* _Work order_: Nothing in the data may be omitted; output it all verbatim.
====== Dataset entries
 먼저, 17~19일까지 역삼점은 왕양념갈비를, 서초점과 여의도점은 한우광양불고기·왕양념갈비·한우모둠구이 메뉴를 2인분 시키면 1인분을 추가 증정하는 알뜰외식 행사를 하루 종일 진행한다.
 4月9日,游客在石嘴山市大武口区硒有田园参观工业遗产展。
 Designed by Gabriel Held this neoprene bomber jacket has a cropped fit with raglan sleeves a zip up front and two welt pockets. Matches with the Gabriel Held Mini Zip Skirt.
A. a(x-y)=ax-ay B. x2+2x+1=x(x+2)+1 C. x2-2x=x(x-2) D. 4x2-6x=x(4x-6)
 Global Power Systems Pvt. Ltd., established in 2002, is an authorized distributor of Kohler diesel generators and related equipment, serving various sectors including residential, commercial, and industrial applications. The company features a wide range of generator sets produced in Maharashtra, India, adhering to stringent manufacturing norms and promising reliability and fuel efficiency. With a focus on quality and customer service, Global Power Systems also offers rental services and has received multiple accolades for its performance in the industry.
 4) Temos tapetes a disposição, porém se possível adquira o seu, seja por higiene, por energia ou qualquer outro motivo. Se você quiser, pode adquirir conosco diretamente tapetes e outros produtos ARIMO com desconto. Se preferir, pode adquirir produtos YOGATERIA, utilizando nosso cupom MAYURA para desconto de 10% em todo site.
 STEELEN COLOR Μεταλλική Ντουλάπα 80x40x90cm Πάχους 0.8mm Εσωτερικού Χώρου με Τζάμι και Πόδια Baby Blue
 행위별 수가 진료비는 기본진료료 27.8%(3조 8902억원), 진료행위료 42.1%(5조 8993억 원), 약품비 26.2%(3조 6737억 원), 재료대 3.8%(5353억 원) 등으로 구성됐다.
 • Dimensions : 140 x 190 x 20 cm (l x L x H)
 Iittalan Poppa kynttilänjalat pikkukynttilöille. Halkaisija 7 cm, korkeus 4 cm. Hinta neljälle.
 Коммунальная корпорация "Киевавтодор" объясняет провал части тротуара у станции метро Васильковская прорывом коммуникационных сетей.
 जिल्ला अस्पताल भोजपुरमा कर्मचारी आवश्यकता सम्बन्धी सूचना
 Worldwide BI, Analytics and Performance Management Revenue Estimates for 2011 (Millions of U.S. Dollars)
============
* _Exercise answer_:
 먼저, 17~19일까지 역삼점은 왕양념갈비를, 서초점과 여의도점은 한우광양불고기·왕양념갈비·한우모둠구이 메뉴를 2인분 시키면 1인분을 추가 증정하는 알뜰외식 행사를 하루 종일 진행한다.
 4月9日,游客在石嘴山市大武口区硒有田园参观工业遗产展。
 Designed by Gabriel Held this neoprene bomber jacket has a cropped fit with raglan sleeves a zip up front and two welt pockets. Matches with the Gabriel Held Mini Zip Skirt.
A. a(x-y)=ax-ay B. x2+2x+1=x(x+2)+1 C. x2-2x=x(x-2) D. 4x2-6x=x(4x-6)
 Global Power Systems Pvt. Ltd., established in 2002, is an authorized distributor of Kohler diesel generators and related equipment, serving various sectors including residential, commercial, and industrial applications. The company features a wide range of generator sets produced in Maharashtra, India, adhering to stringent manufacturing norms and promising reliability and fuel efficiency. With a focus on quality and customer service, Global Power Systems also offers rental services and has received multiple accolades for its performance in the industry.
 4) Temos tapetes a disposição, porém se possível adquira o seu, seja por higiene, por energia ou qualquer outro motivo. Se você quiser, pode adquirir conosco diretamente tapetes e outros produtos ARIMO com desconto. Se preferir, pode adquirir produtos YOGATERIA, utilizando nosso cupom MAYURA para desconto de 10% em todo site.
 STEELEN COLOR Μεταλλική Ντουλάπα 80x40x90cm Πάχους 0.8mm Εσωτερικού Χώρου με Τζάμι και Πόδια Baby Blue
 행위별 수가 진료비는 기본진료료 27.8%(3조 8902억원), 진료행위료 42.1%(5조 8993억 원), 약품비 26.2%(3조 6737억 원), 재료대 3.8%(5353억 원) 등으로 구성됐다.
 • Dimensions : 140 x 190 x 20 cm (l x L x H)
 Iittalan Poppa kynttilänjalat pikkukynttilöille. Halkaisija 7 cm, korkeus 4 cm. Hinta neljälle.
 Коммунальная корпорация "Киевавтодор" объясняет провал части тротуара у станции метро Васильковская прорывом коммуникационных сетей.
 जिल्ला अस्पताल भोजपुरमा कर्मचारी आवश्यकता सम्बन्धी सूचना
 Worldwide BI, Analytics and Performance Management Revenue Estimates for 2011 (Millions of U.S. Dollars)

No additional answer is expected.